To talk more deeply about IIT is to engage in imaginary speculation, such as how the maximally independent conceptual structure might truly be different from the second-most-maximal one. With no data as a foundation, we are left making claims about the imaginary that objective reality cannot arbitrate. For this reason I’m cutting my investigation of IIT short here, and the whole community should follow suit. We need to look past IIT and focus on measures that can actually be taken, and their models thus refined, for science to move forward.
 IIT’s measure is based on what they call cause-effect repertoire, the possible causes and effects of the measured group of neurons being in a certain state (expressed as the values of neighboring neurons). How could we measure this? Do we hope that the brain settles into exactly the same state often enough that we can average the neighboring neurons to determine the probabilities? Do we manipulate the brain by changing neuron values to force a certain region to be the same over and over again? How do we determine the instantaneous state of the system that IIT requires, when there is no frame rate to the brain? What do we do about the fact that synaptic connectivity changes over time? Even with the perfect brain measuring device, additional breakthroughs would be needed to generate this data.
 The brain is estimated to have 86 billion neurons, imagine marking every neuron with a 1 (indicating it is in a particular power set) or a 0. How many different ways could you mark the neurons? As a 16-bit memory word has 2¹⁶ possibilities, these neurons could be marked 2⁸⁶ billion ways. 2⁸⁶⁰⁰⁰⁰⁰⁰⁰⁰⁰ ~= 10²⁵⁸⁰⁰⁰⁰⁰⁰⁰⁰.
 This complexity may seem whopping, but it gets even worse when we go from IIT’s simplified model of the brain (as a bunch of simple digital logic gates) to neurons themselves. Neurons are neither on nor off, but have firing rates that are more like continuous values. And of course synaptic connections are of various kinds. Instead of a binary 1 or 0, we would need a vector of floating point numbers to represent the state of a neuron. For this reason it’s impossible to even consider applying IIT to the brain without further extensions. While the authors imagine a future expansion of IIT to address these challenges, the opposite is what should happen. Instead of getting more complex, the theories that follow IIT need to be simpler so that we can actually perform measurements to verify them.

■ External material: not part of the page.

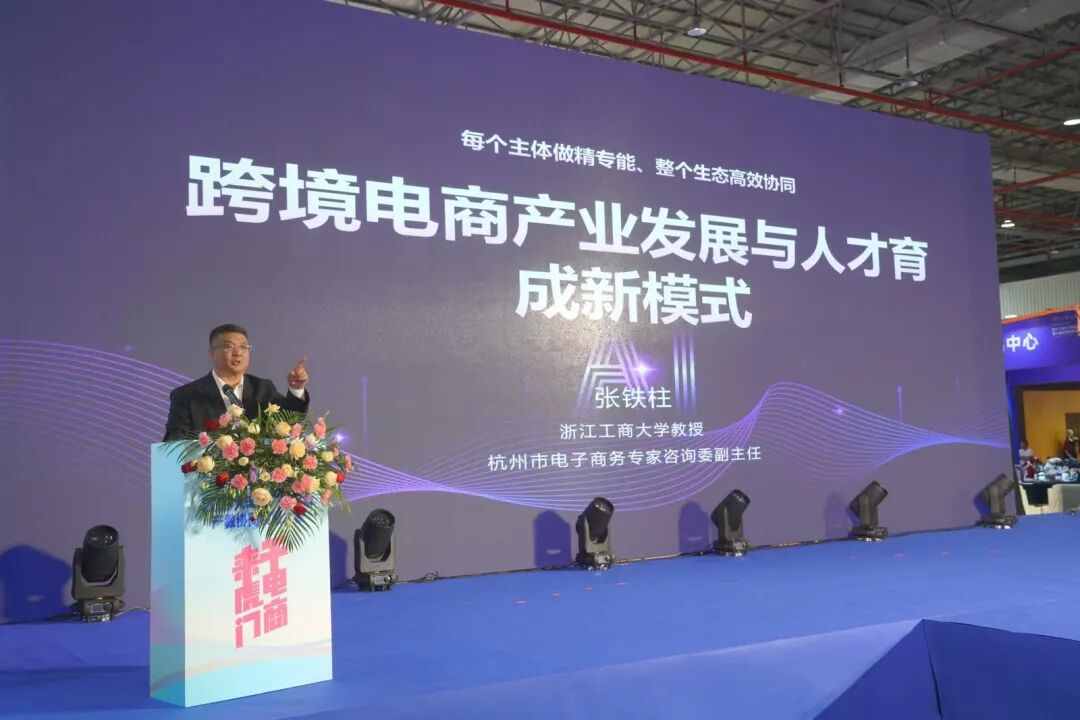 浙江工商大学张铁柱教授作题为《跨境电商产业发展与人才育成新模式》的主题分享。他重点阐述了在数智化转型背景下,行业正经历从“人工决策”向“AI驱动的精准运营”、从“线性供应链”向“数智化协同网络”、从“单一企业转型”向“生态化能力共享”三大核心趋势演变,推动行业效率提升与中小企业全球化参与。他强调,构建“生态型企业”是未来竞争关键,其核心在于以数据链为中枢、社会化分工为载体,实现要素精准对接与能力最优配置,从而形成开放、协同、共生的跨境电商产业与人才生态体系,推动行业可持续发展。

 It is also curious to find myself levying a subjective critique upon a scientific theory. Typically decisions amongst equations are decided by data, but here there is none at hand. This perhaps why IIT lingers: the foundation is so unmoored, it leads the conversation astray. It is said that arguing with idiots brings you down to their level. IIT is far from idiocy, but in a similar sense we are brought down to their axiomatic, “self-evident”, quasi-religious level when we engage. It doesn’t bother me that quantum theory is “curious” because it’s correct.
 In particular: if there is no relationship at all between an input to my wire, and its internal state, then we say there is no cause information. If the output of the wire can be strongly predicted using the internal state, then there is a large amount of effect information. The combination of these two causal entanglement measures makes up IIT’s cause-effect information.